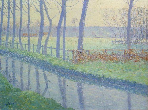 Editor: This is “Canal in Flanders” by Théo van Rysselberghe, painted in 1894 with oil paint. What a beautifully still image. I'm curious how you interpret the repetitive lines of trees. Curator: Those lines, they speak to something profound about how we organize our world. Consider the canal itself – a deliberate cut through the landscape. Rysselberghe is drawing attention to humanity’s influence on nature. Don't you find the strict repetition almost... unsettling? Editor: Unsettling, yes, maybe because it feels both natural and artificial. Like, the trees are natural elements, but they are lined up so precisely! It does create a kind of tension. Is that sense of imposed order common for that period? Curator: Absolutely. Late 19th-century art is filled with anxiety over industrialization, urbanization. Look how he uses pointillism to almost pixelate the scene. Each small dot contributes, but fragments the experience. Is he critiquing the coldness of modernity, maybe? Or highlighting its inherent beauty? Perhaps both... Think about it. Does it recall the collective social fabric where individual acts amass? Editor: So, the dots aren't just about light, they also act as little building blocks to reflect larger themes? Curator: Exactly! In every carefully positioned dab of colour, we find reflections of societal structures and cultural values of the artist's period, and our own! Editor: That gives me a lot to ponder! I never thought about the dots as having so much weight beyond just optical mixing. Curator: Precisely. Every stroke and every subject is laden with history.
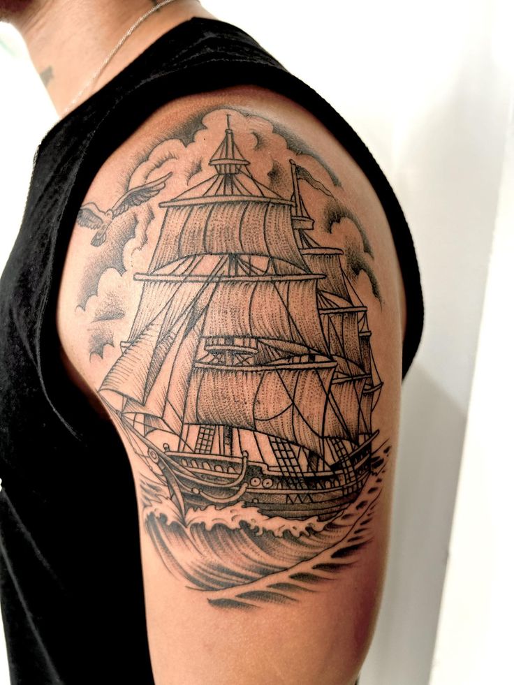 13. Traditional Tall Ship Shoulder Tattoo
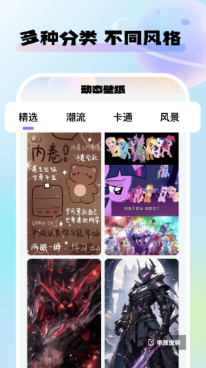 2、风格多样 用户可以自由使用指尖壁纸、3D壁纸、动态壁纸等各种风格的壁纸。

**PROBLEM DESCRIPTION**
Going from the line that holds "13. Traditional Tall Ship Shoulder Tattoo" to the end of the listing above, copy each line exactly and nothing more, leaving pictures aside.

**RESPONSE AREA**
 13. Traditional Tall Ship Shoulder Tattoo
 2、风格多样 用户可以自由使用指尖壁纸、3D壁纸、动态壁纸等各种风格的壁纸。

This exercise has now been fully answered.